What the full investigation establishes (H001-H010)
The complete preregistered investigation, comprising 13 hypotheses and 46 falsifiable sub-predictions across three datasets, converges on the following:
- Topology-aware message passing with external residual outperforms MLP on NCI1 (+8-10 pp, robust across operators). This is the one positive claim that survives the full ablation series.
- The operative architectural factor is the external residual connection, not the propagation operator. Without external residual, all message-passing architectures (GIN, GAT, normalised GIN) collapse to class prior on NCI1.

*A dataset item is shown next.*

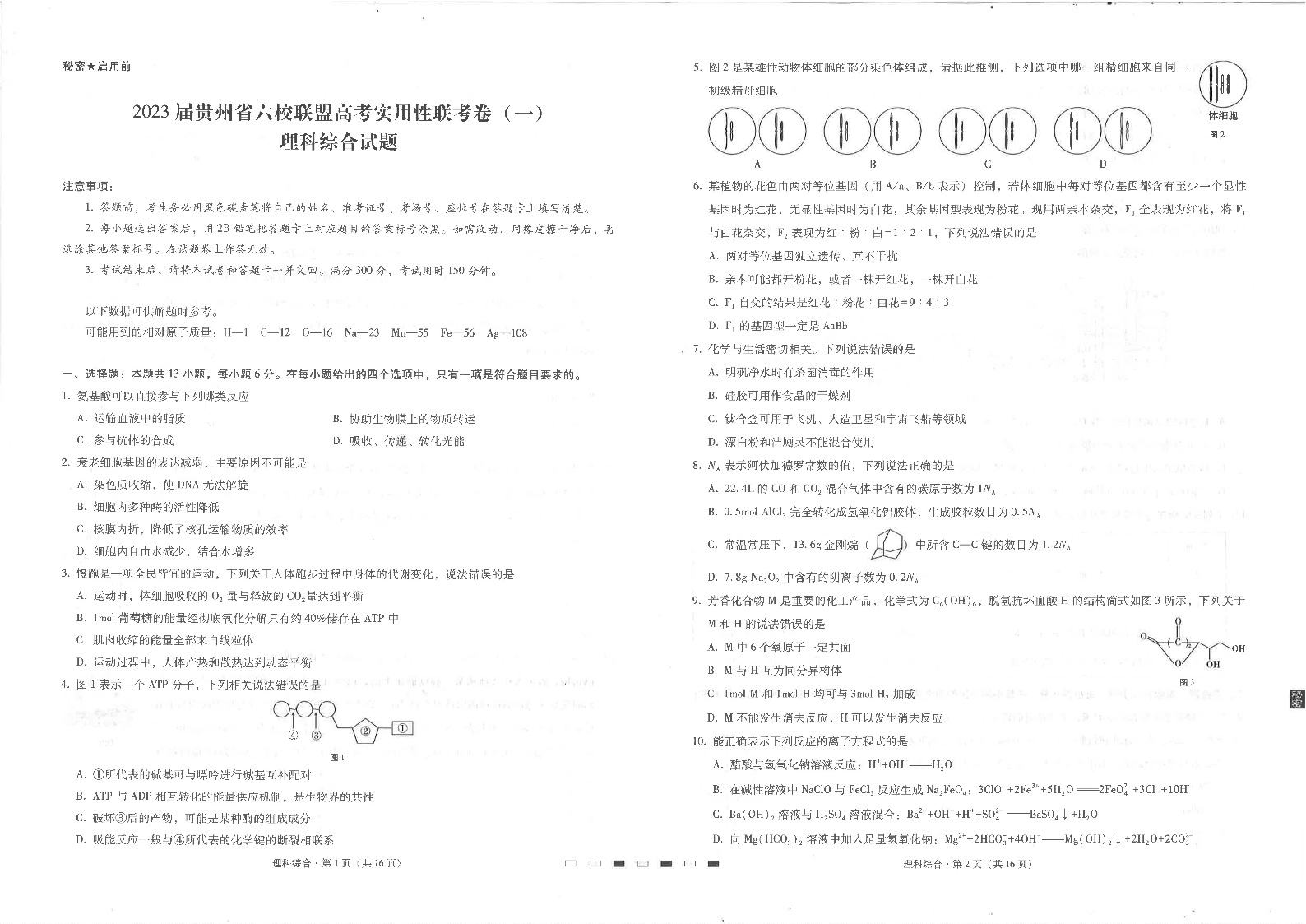 高三理综--贵州省六校联盟2023届高三上学期高考实用性联考(一)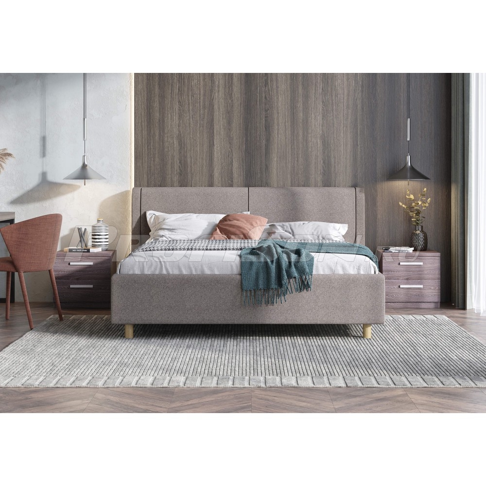 Кровать Сонум Barcelona - стильная кровать с мягким изголовьем в обивке из мебельной ткани. Данная модель соответствует самым модным тенденциям. Кровать универсальна для интерьера в стиле Модерн, Современный, Лофт, Скандинавский, Минимализм. Она прекрасно впишется в современный интерьер любой спальни. Очаровывает своей простотой и создает атмосферу отдыха и релакса. Мягкие подушки, лаконичные формы, внешне кровать напоминает уютный «разобранный диван», только это настоящее спальное место комфортное и просторное. Разнообразие вариантов исполнения – достоинство данной модели. Задняя часть спинки кровати выполнена в основной ткани, благодаря этому ее можно установить в центре комнаты. Увеличенная прочность кровати достигается за счет металлического каркаса по периметру. Стильные высокие деревянные ножки из бука обеспечивают просвет до 12 см. Расстояние от пола до царг способствует легкой уборке под кроватью, в том числе роботом – пылесосом.

- The Hodge Laplacian does not confer a unique advantage on any tested dataset. The normalised adjacency operator (low-pass) matches or outperforms the Hodge Laplacian (high-pass) on all three datasets when both use external residual.
- The high-pass Hodge Laplacian is actively harmful on MUTAG, where it attenuates the class signal that the MLP captures from features alone.
- The NCI1 advantage does not transfer to MUTAG or PROTEINS at this capacity and epoch budget.